Thursday, December 19, 2019

It’s A Privilege

For many trans people “passing” is a privilege, for many of us we will never be able to integrate in to society.
I’m trans, but that doesn’t mean I want to “pass” as a woman
SBS
By Joan Westenberg
November 20, 2019

A few weeks ago, I was using the bathroom at a shopping centre. While I was washing my hands, a woman approached and confronted me, to say that I was in the wrong place. She said she knew what I was. She said everyone could tell. She wanted me to know that she had recognised me as transgender, as though it were some kind of dirty secret. The altercation didn't last long; I felt no need to argue with her, or to grant currency to her disgust by offering a response to it. I finished washing my hands, with a deliberate and extended ritual, and calmly left while she continued to berate me for my abnormal womanhood.

In truth, it was nothing unexpected, and nothing unusual. I’ve heard comments like that before; it’s a troll or a transphobe’s favourite strategy, to point out masculine aspects of my appearance, to other me, and to announce that I am not “fooling” anyone.

It appears as though people believe trans women want their transness to go unrecognised, as though our intention is to be seen as cis-gender (that is, non-transgender) women. They believe that our trans nature is a shameful and dirty secret, that must make us burn with embarrassment.
[…]
As a transgender woman, I do not look at myself, and see a cis-woman; for me personally, I have found that I do not want to. There are so many things about me that signify my trans nature - such as the traits that are traditionally masculine, that are pointed out and highlighted by trolls, from my shoulders to my jawline - but these are not signifiers of an absence of womanhood, merely of a different school or strand.
Many of us when we first coming out we dream of the “Gold Standard” being about to integrate in society where no one identifies us as being trans, but over time reality sets in that we will never reach those goals. I also realized that most people really don’t care how I looked, most people just want to buy their  groceries and get home to make dinner for their families.
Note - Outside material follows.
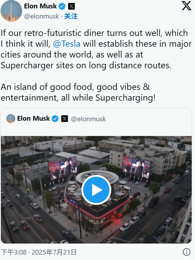 马斯克在X上写道:“如果我们的复古未来主义餐厅表现良好,我认为是会的,特斯拉将在世界各地的主要城市以及长途路线上的超级充电站建立这些餐厅。”
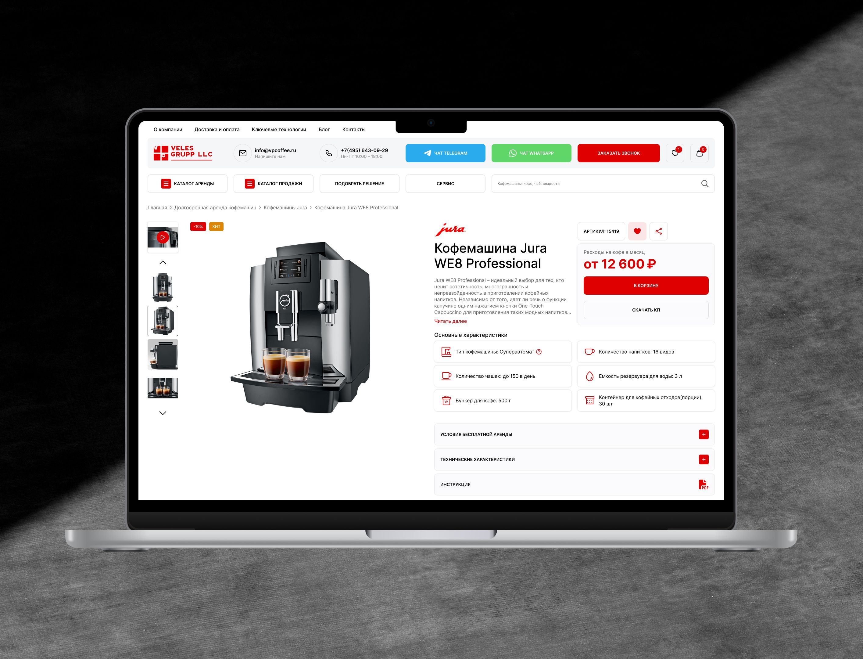 Интернет-магазин компании «Велес Групп» стал удобной и надёжной платформой для покупки кофе и аренды кофемашин. Удобный каталог, подробные описания и информация об аренде повысили доверие клиентов. Сайт способствовал увеличению продаж, укреплению имиджа компании и привлечению новых клиентов, заинтересованных в качественном кофе и удобных условиях аренды кофемашин.

I bought tons of makeup, dresses, high heels shoes and matching pocketbooks but as I got out and about I realized something, “dressed to the nines” made me stand out even more. In the supermarkets, in movie theaters, and at work most women don’t dress like that. Sure there are a few who do but most dress comfortably with sensible shoes.

I know many trans women who take voice lessons, and take classes on how to “present’ as a women, at onetime I was thinking taking them but then I got to thinking, for fifty years I pretended to be a man and I don’t want to pretend to be a woman… I just want to be myself.